Judges to qualify for protection filed claims from January 19, 2008, whose quest is to grant a pension pursuant to Decree Law No. 18846, or a disability pension under the Law No. 26 790 and Supreme Decree No. 003-98-SA, the declared inadmissible if it finds that the applicant has annexed to its application to the opinion or medical certificate issued by the Medical Commissions assessments or grades of EsSalud Disabilities, or the Ministry of Health or EPS.



49. Finally, should be set as the last rule of procedure in which cases it is valid to impose sanctions on the parties. In this sense, the fourth rule of procedure to be established as a new binding precedent is that: the ONP and insurance companies that do not apply the binding precedent will be imposed coercive measures under Article 22. º of CPConst. Also, the applicants lodging an amparo manifestly unfounded claims as contrary to binding precedent mentioned, they require payment of costs and costs of prosecution for their reckless actions. On the other hand, the lawyers require them to pay a fine, when the Court is established that they were aware processes that sponsor whose claims are contrary to binding precedent.



3. § Analysis of the dispute



50. On the possibility of receiving a pension twice by the same occupational disease, we must refer to binding precedent originally established in the STC-PA 10063-2006, and recognized as binding precedent by the SSTC 6612-2005-PA 10087-2005-PA as states that "no insured who receives annuity under Decree Law No. 18846 may be charged for the same accident or occupational disease or an increase in his incapacity to work a disability pension under Decree Law No. 19990 or to the Law No. 26790. "

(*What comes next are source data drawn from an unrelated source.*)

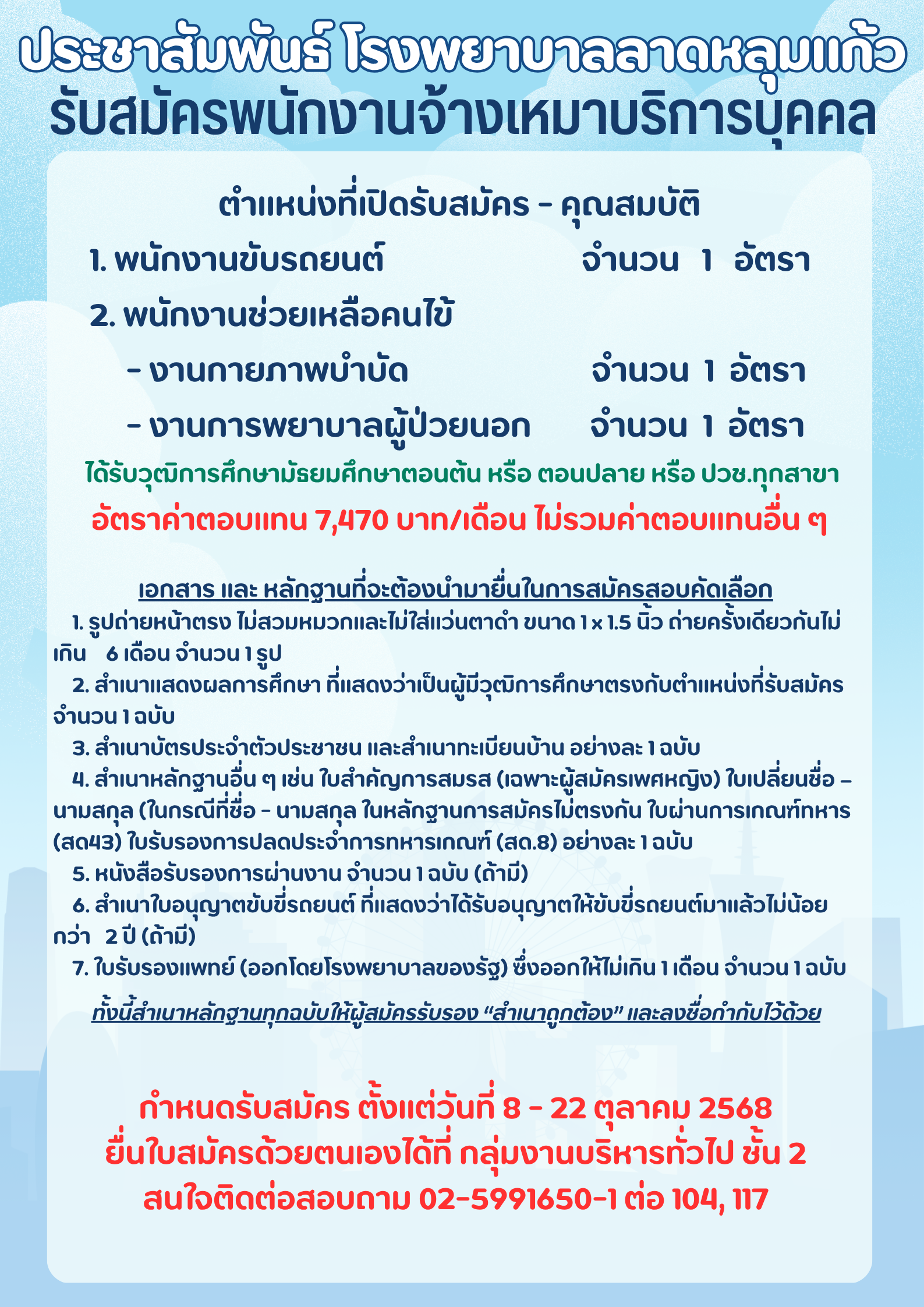 โพสเมื่อ 8 ตุลาคม 2568 (11:01 น.) | ผู้ดูแลระบบ ข้อมูลเว็บไซต์ประกาศโรงพยาบาลลาดหลุมแก้ว เรื่อง การเปิดรับสมัครพนักงานจ้างเหมารายบุคคล ตำแหน่ง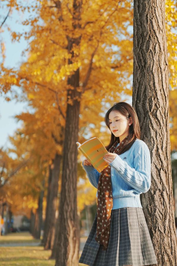 光影在玻璃上叠出双份秋意,连林荫道的车辙都裹着金箔般的碎光。学子夹着书卷走过,衣角沾着叶影,扉页落进一片金黄。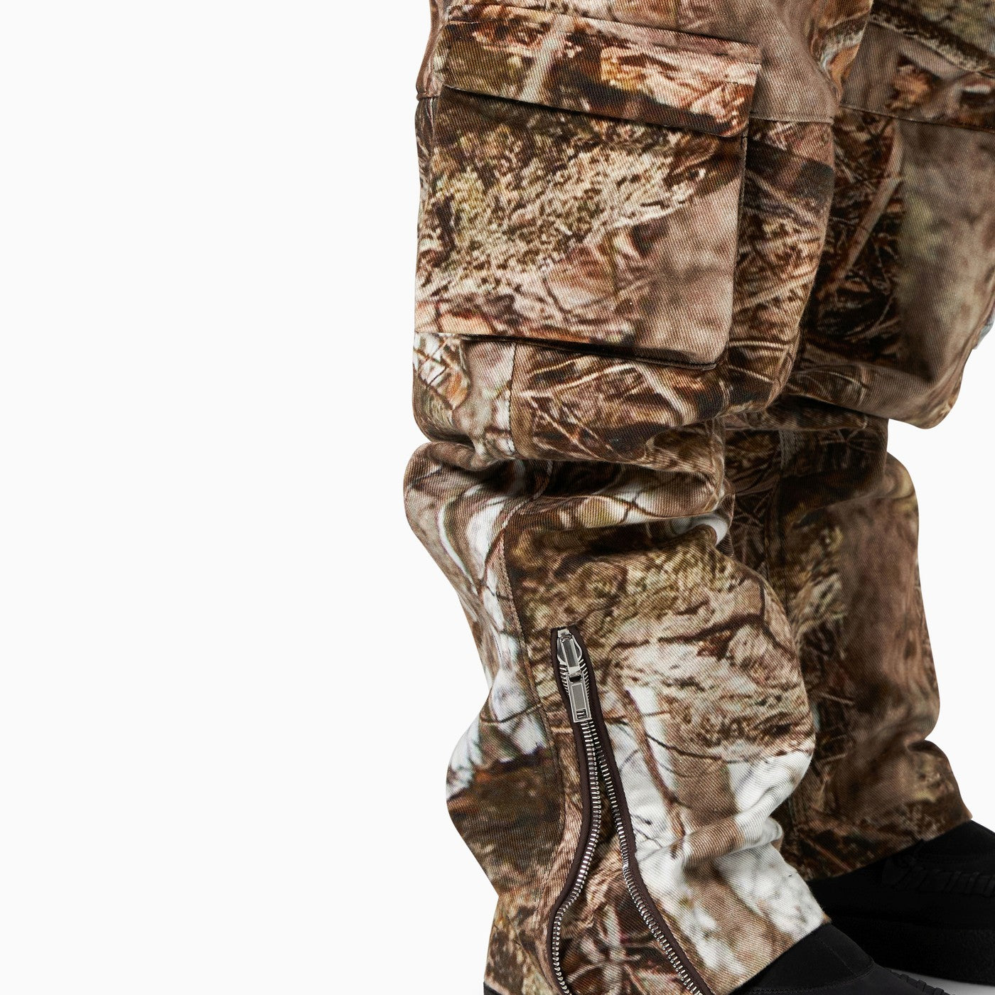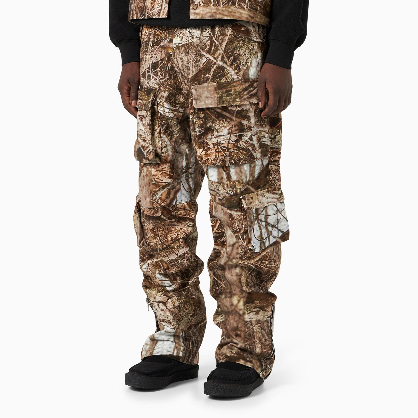 1989 Studio cargo trousers in beige cotton with a camouflage pattern, featuring a zip at the leg bottom and various pockets.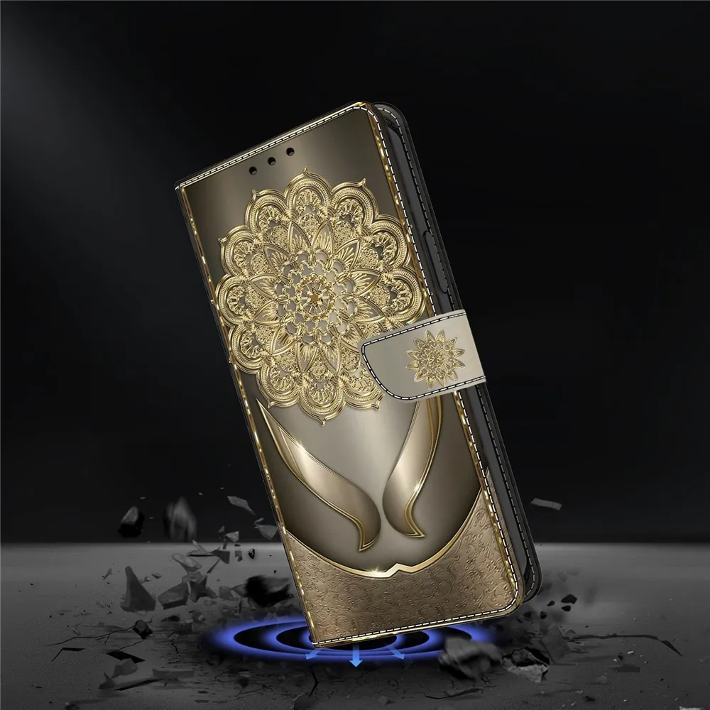 ✅【Prémiové materiály】Toto pouzdro Smooth na mobil Samsung Galaxy A07 4G a obrázek zlaté květy je vyrobeno z vysoce kvalitní PU kůže a TPU, které nabízejí měkký, hladký a odolný pocit pro dlouhotrvající ochranu.

51. With respect to items of interest to the resolution of this case, it should be noted that Resolution No. 11, dated May 24, 2005, issued by the Civil Chamber of the Superior Court of Justice of Ica, in the process under fallen in Exp No. 2004-1846, as contained in the file together, we prove that the Office of Normalization was ordered granted the plaintiff a disability pension for occupational disease under the Law No. 26790 and its complementary and related. Should also be noted that the referral process the claim for protection was upheld because the report medical evaluation dated 20 September 2003, which has also been submitted in this process, it was proved that the claimant suffers from pneumoconiosis (silicosis) with 80% disability.



52. Therefore, noticeable that the applicant is receiving a disability pension for occupational disease under the Law No. 26790, it is not legitimate to receive a second disability pension for the same occupational disease or illness, which is why the application must be dismissed.



For these reasons, the Constitutional Court with the authority under the Constitution of Peru
RESOLVED





1. Declare the petition.



2. Under Article VII of the Preliminary Constitutional Procedural Code, is repeated as binding precedent the rules contained in the grounds 9, 11, 12, 14, 16, 17, 18, 24, 26, 27, 31, 34, 37, 40 , 42 and 45 which are: a.



There is no limitation period to apply for the grant of an annuity under Decree Law No. 18846, as access to a pension is part of the content of constitutionally protected fundamental right to a pension, which is, like all fundamental rights , the nature of limitations. B.



You do not lose the right to a pension for work as employee, as long as they have worked before as a laborer in the center of employment during the term of the Decree Law No. 18846, whenever the work performed as an employee not diminishes the risk to health that was exposed during the performance of work as a laborer. C.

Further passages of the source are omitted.